There is one in which James Scott, reservist, tells his relatives at Jarrow that British soldiers at Mons dropped like logs. The enemy were shot down as they came up, but it was like knocking over beehives – a hundred came up for every one knocked down. He thought the Germans were the worst set of men he had ever seen. Their cavalry drove women and children in front of them in the streets of Mons so that the British could not fire.

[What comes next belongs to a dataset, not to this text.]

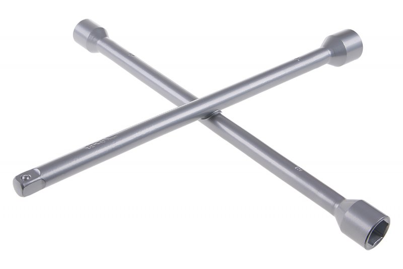 Hjulnøgle, kryds 17-19-21- 1/2 – designet til nem tilspænding og løsning af hjulmøtrikker i dimensionerne 17, 19, 21. Enhver 1/2-forlænger (møtrik) kan bruges til 1/2-endestykket.

A wounded non-commissioned officer of the Pompadours, whose regiment left Wembley Park a week before the fighting began, says that in the four days’ battle commencing at Mons on the Sunday, August 23rd, and lasting until August 26th, they were continually under fire:
We had to beat off several cavalry attacks as well as infantry, and when the trouble seemed to be over the Germans played on us with shrapnel just like turning on a fire hose. Several of our officers were hit on Wednesday. Heavy German cavalry charged us with drawn sabres, and we only had a minute’s warning “to prepare to receive cavalry.” We left our entrenchments, and rallying in groups, emptied our magazines into them as they drew near. Men and horses fell in confused heaps. It was a terrible sight. Still, on they came. They brought their naked sabres to the engage, and we could distinctly hear their words of command made in that piercing, high tone of voice which the Germans affect.

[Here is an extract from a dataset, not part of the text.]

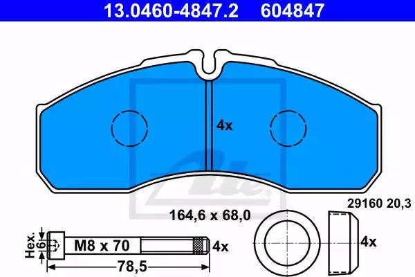 Комплект гальмівних накладок, дискове гальмо для авто від виробника ATE, який має артикул 13046048472.

The enemy had a terrible death roll before their fruitless charge was completed, a thick line of dead and wounded marking the ground over which they had charged. We shot the wounded horses, to put them out of their misery, whilst our ambulances set to work to render aid to the wounded. Our Red Cross men make no distinction. Friend and foe get the same medical treatment, that’s where we score over the Germans.
If they had been Uhlans we should not have spared them, as we owe them a grudge for rounding up some Tommies who were bathing. They took their clothes away, and tied the men to trees. We swore to give them a warm time wherever we met them.
A wounded corporal writes:
It looked as if we were going to be snowed under. The mass of men that came at us was an avalanche, and every one of us must have been simply trodden to death and not killed by bullets or shells when our cavalry charged into them on the left wing, not 500 yards from the trench I was in, and cut them up. Our lads did the rest, but the shells afterwards laid low a lot of them.
The following is an extract from a letter received by a gardener from his son:
You complained last year of the swarms of wasps that destroyed your fruit. Well, dad, they were certainly not larger in number than the Germans who came for us. The Germans are cowards when they get the bayonets at them. A young lieutenant, I don’t know his name, was one of the coolest men I have ever seen, and didn’t he encourage our chaps! I saw him bring down a couple of Germans who were leading half a company.
A fact that stands out continually in these tales of eye-witnesses is the overwhelming numbers in which the Germans were hurled upon them. One says they seemed to be rising up endlessly out of the very ground, and as fast as one mass was shot down another surged into its place; the innumerable horde is compared by various correspondents to “a great big battering-ram,” to a gigantic swarm of wasps, to a swarm of bees, to a flock of countless thousands of sheep trying to rush out of a field; to the unceasing pouring of peas out of a sack. It was the sheer mass and weight of this onrush that forced the small British army back on its systematic, triumphant retreat, and probably the most striking little sketch of this phase of the conflict is that supplied by an Irish soldier invalided to Belfast, which I include in the following selection of hospital stories.
The last few weeks have been like a dream to me, says a wounded private of the Middlesex Regiment. After we landed at Boulogne we were magnificently treated, and everyone was in the highest spirits. Then we set off on our marching. We were all anxious to have a slap at the Germans. My word! If they only knew in our country how the Germans are treating our wounded there would be the devil to pay.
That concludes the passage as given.